The first section of the hike was challenging, ascending steeply on narrow passes over loose ground. This was not made any easier by the weather beaten faces of people descending back to base camp. To help with motivation we decided to blast some tunes. This instantly had a positive impact and fortunately our group shared the love of reggae music. This was a good sign. Two days later on returning to Antigua we were approached by people from other groups to express their delight at Hearing Burna Boy’s dulcet tones during their own dark moments on the volcano. All bless, no stress – our mantra for the trip.
Over the next 9 hours we proceeded to wind our way ever higher up the volcano. Passing verdant coffee plantations, dense jungle and eventually clearings with breathtaking views to the horizon. We stopped for lunch at a plateau and the clouds generously parted. We took the opportunity to meditate, a regular feature of the trip. Being spoilt with such wonderful surroundings has certainly made it easier to practice mindfulness. That being said, the power of the present moment can be found anywhere – or at least that’s what I’ll try and remember when I’m next on a sweaty rush hour tube.
We arrived at camp just after 1600. The final two hours had been tough. Low oxygen levels meant every movement required twice as much energy and our legs were screaming for a rest. Needless to say, arriving at a comfortable camp site, complete with roaring fire and the promise of dinner was welcome indeed. It was at this point we were reminded of the opportunity to hike for another two hours to reach the summit of Fuego Volcano. We could hear the deep guttural sounds of the volcano erupting, however, could not see anything due to heavy cloud cover. Our guide, Miguel, was explicit about the hike being very challenging and only worth it if the clouds parted so we could see the eruptions up close, which he was doubtful would happen. I must admit, the idea of 4 more hours hiking at altitude towards a cloud covered active volcano was not particularly appealing. I glanced towards Henry and Tunde expecting to be met with similar resignation, however, much to my surprise they immediately signed us up! For this, I will be forever grateful.
Our merry band of dragon hunters set off and whilst being well warned, we had no idea how challenging the hike would be. Traversing fallen trees over deep crevasses and climbing on all fours up loose volcanic soil we gulped the thin air and pushed onwards. Tempers began to fray and motivations wane, when as if by magic the clouds parted to reveal the volcano in all her fire-breathing majesty. This also coincided with the most ethereal sunset I have ever seen. What are the chances?
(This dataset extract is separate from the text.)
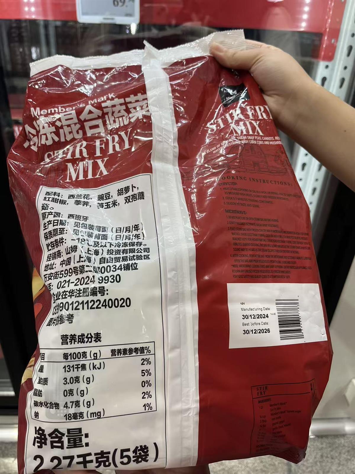 记者致电该山姆门店,询问去年12月生产的冷冻混合蔬菜是否新鲜,保质期两年的蔬菜营养是否会流失,一名工作人员表示,该款商品是冷冻锁鲜的,可以放心食用,不放心可以退。

We eventually made it to a narrow black ridge leading towards the mouth of the volcano and our group began spontaneously humming the Lord of the Rings theme tune. What followed was one of the most awe inspiring and humbling experience of my life so far. Perched on the ridge we were treated to a firework display fit for the gods as eruption after eruption shot glowing hot lava into the sky. In between eruptions we stole glances on a totally clear night above the clouds – the sun setting behind volcanos to the west and illuminating lightening covered mountain ranges to the east. Tears came to my eyes as I thought of loved ones, I’m particular those who had passed, feeling their presence with me on the border of heaven and earth. I hugged the boys and we agreed on the profound lesson from this experience: if in doubt always walk up the volcano! In the words of I Wayne: Di Warriors Nah Ga Run, Nah Ga Run. Firm Upon Di Lava Ground.
One response to “*GASSED EDITOR David Dew-Veal* Days 14-16: Lava Ground”
You are guys are obviously having a whale of a time. You are very brave and adventurous. Please be very careful while you are having fun. Want you back in one piece.